By the early 1960s, rising car traffic made Davis streets increasingly dangerous for cyclists. So after returning from a trip to the Netherlands in 1964, Davis residents Frank and Eve Child wrote a letter to the Davis Enterprise urging the adoption of Dutch-style bike lanes. Their call to action led to the Citizens’ Bicycle Study Group, which gathered more than 2,000 petition signatures by 1966.

That year, pro–bike lane candidates swept the city council election. The new council instructed staff to stripe bike lanes on major roads and worked with contacts in the state legislature to revise the California Vehicle Code so that bike lanes could be legally approved.

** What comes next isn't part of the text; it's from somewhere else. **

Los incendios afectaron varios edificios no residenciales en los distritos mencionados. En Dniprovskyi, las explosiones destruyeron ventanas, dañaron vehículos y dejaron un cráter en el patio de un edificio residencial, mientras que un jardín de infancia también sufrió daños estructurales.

In 1967, the first U.S. bike lanes opened on Third Street and Sycamore Drive. The same year, UC Davis closed its campus core to cars, choosing bikes as the default mode of travel.

Cycling on campus surged through the late 1960s. In 1971, students opened the Bike Barn, a repair shop that quickly became a hub for cyclists on campus. But as bicycle traffic intensified between class periods, city intersections became overwhelmed.

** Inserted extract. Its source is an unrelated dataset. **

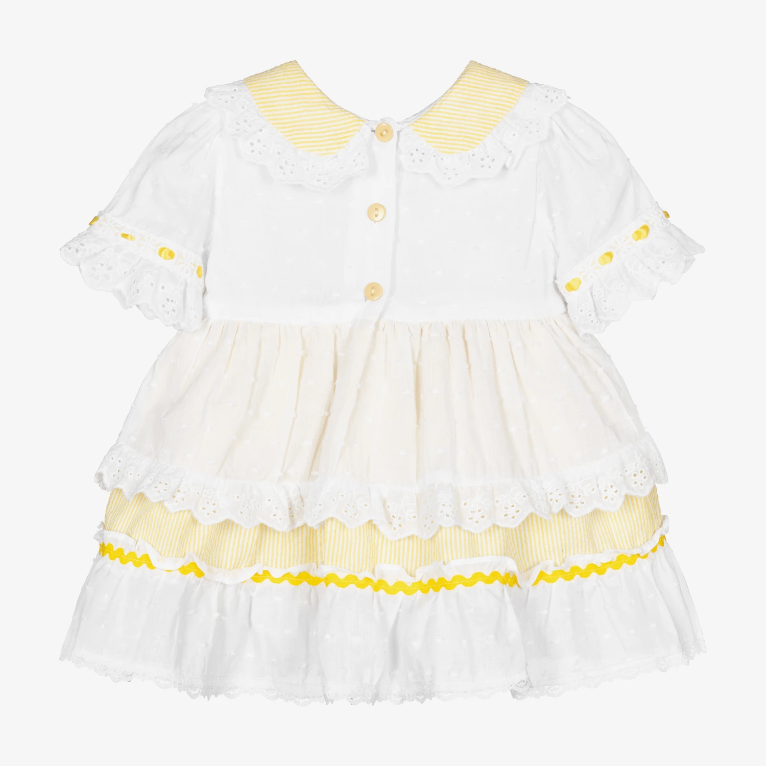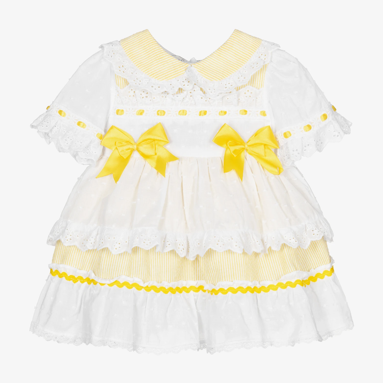 Pretty yellow and white striped dress for baby girls by Beau KiD, made in lightweight cotton seersucker with yellow satin bows. Trimmed in lace, it has a white plumetis voile overlay on the bodice, with a matching hemline and sleeves.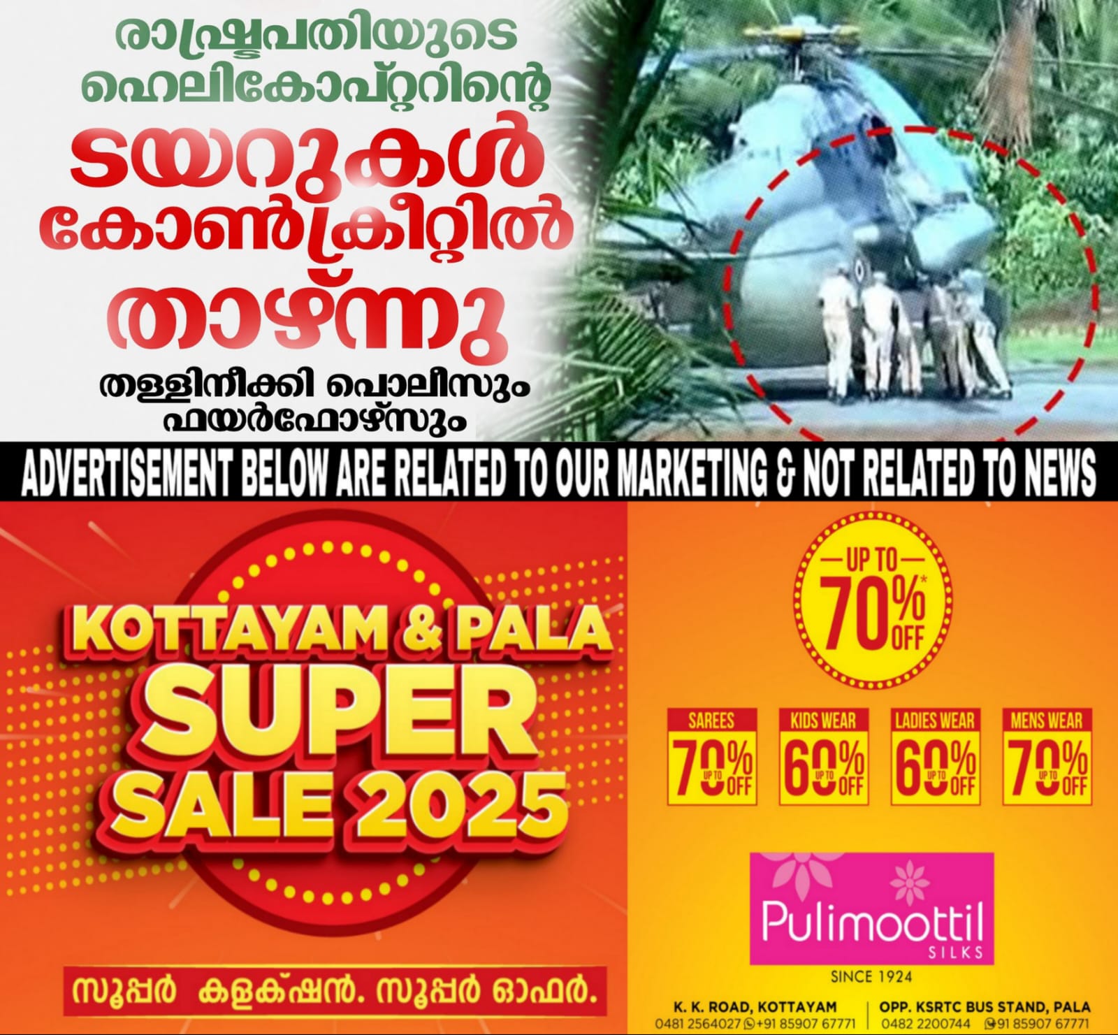 ശബരിമല ദർശനത്തിനെത്തിയ രാഷ്ട്രപതി ദ്രൗപതി മുർമു സഞ്ചരിച്ച ഹെലികോപ്റ്റർ ഇറങ്ങിയ സ്ഥലത്തെ കോൺക്രീറ്റ് തറ താഴ്ന്നുപോയി. പത്തനംതിട്ടയിലെ കോന്നി പ്രമാടം ഇൻഡോർ സ്റ്റേഡിയത്തിൽ ഒരുക്കിയ ഹെലിപാഡിലാണ് സംഭവം. ഹെലികോപ്റ്ററിൻ്റെ ടയറുകൾ കോൺക്രീറ്റിൽ താഴ്ന്നുപോവുകയായിരുന്നു. തുടർന്ന് പോലീസും ഫയർഫോഴ്സും ചേർന്ന് ഹെലികോപ്റ്റർ തള്ളി നീക്കി.

In 1972, the campus tested a roundabout — drawn with chalk and lined with a fire hose — at Hutchison Drive and California Avenue. Confusing at first, it soon reduced traffic chaos and evolved into a defining feature of UC Davis cycling. Today, the campus has more than 20 roundabouts.

Few individuals shaped Davis cycling more than David Takemoto-Weerts. After arriving in 1971, he joined the Bike Barn and later served three decades as UC Davis’ Bicycle Coordinator. He oversaw the replacement of the unpopular concrete “bike pods” with the more functional “lightning bolt” racks, testing prototypes directly with students. He also managed the recovery and auction of hundreds of abandoned bikes each year, keeping campus circulation efficient.

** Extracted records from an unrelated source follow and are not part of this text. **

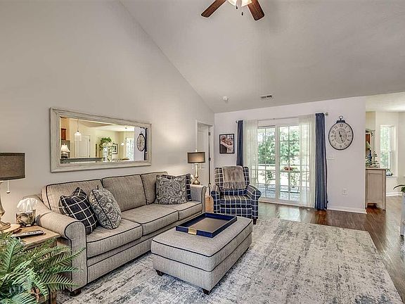 Charming 3BD/2BA ranch with beautiful backyard views in neighborhood with wider lots! You'll feel right at home walking down the sidewalk to the front door. Step inside and know you made the right choice! Vaulted ceiling in the great room which overlooks the screened porch to the backyard. Kitchen with granite and plenty of shaker-style cabinets with crown molding and soft close cabinets is adjacent to the living room. Breakfast nook is perfect for dining. Split bedroom plan with master offering tray ceiling, walk-in closet and master bath with double sink, 5' shower and comfort height vanity. Two guest bedrooms (one with vaulted ceiling) and bathroom with comfort height vanity on opposite side of the home. Vinyl flooring throughout except carpet in the bedrooms. Additional features include: front storm door, gutters, 2" blinds, oversize patio, lawn irrigation, pull-down attic stairs, partially floored attic, plus transferable termite bond with Home Team Pest defense. Bucksville Oaks' HOA offers neighborhood pool, boardwalk to the river (no flooding here), and trash removal. This won't last long!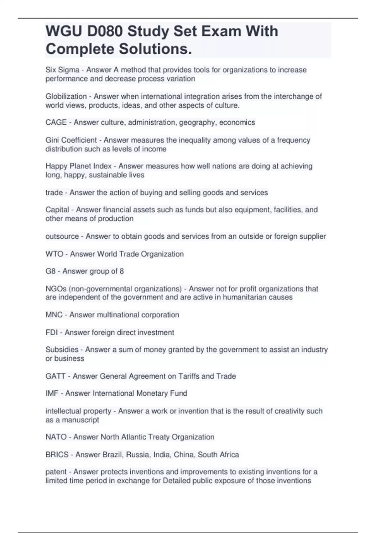 WGU D080 Study Set Exam Questions With Complete Solutions.
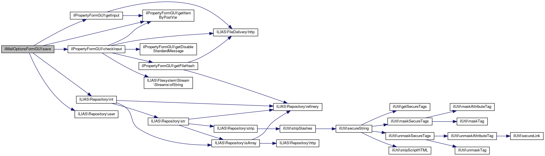 Here is the caller graph for this function:| ilMailOptionsFormGUI::save | ( | ) |

Takemoto-Weerts witnessed the evolution of Davis’ roundabouts and said he now worries about the challenges posed by fast, quiet e-bikes and scooters. He believes the city needs renewed focus on education, enforcement and infrastructure maintenance. Cracked pavement and fading paint, he warns, threaten the safety gains Davis once pioneered.

According to UC Davis Environmental Science and Policy Professor Susan Handy, lasting bicycle culture depends on three elements: personal attitudes, social norms and infrastructure. Davis is unusual because its culture emerged from the bottom up — people were already biking before infrastructure existed. In larger cities, she notes, top-down policies are required.

Handy emphasizes that people must feel biking is safe and enjoyable. Cultural events, like Bogotá’s weekly Ciclovía, which opens major roads to cyclists, can help shift public perception. But ultimately, protected and connected infrastructure is essential. Without it, she argues, no city can expect widespread cycling.

Handy challenges the idea that transportation success should be measured primarily by moving cars efficiently. The true goal should be to improve safety and livability for everyone. She highlights the benefits of “road diets,” which reduce four-lane roads to three while adding bike lanes. Davis applied this approach on Fifth Street, calming traffic and improving safety without significantly slowing cars.

Despite its status as the nation’s bike capital, Handy agrees that Davis has lost momentum. Local advocacy has weakened, and much of the infrastructure needs repair.

Still, Davis remains a blueprint for cities worldwide. Its history demonstrates that when policy, culture and design align, biking becomes not just possible, but natural.

Weiyun Zhou is a fourth-year undergraduate student at UC Davis majoring in economics.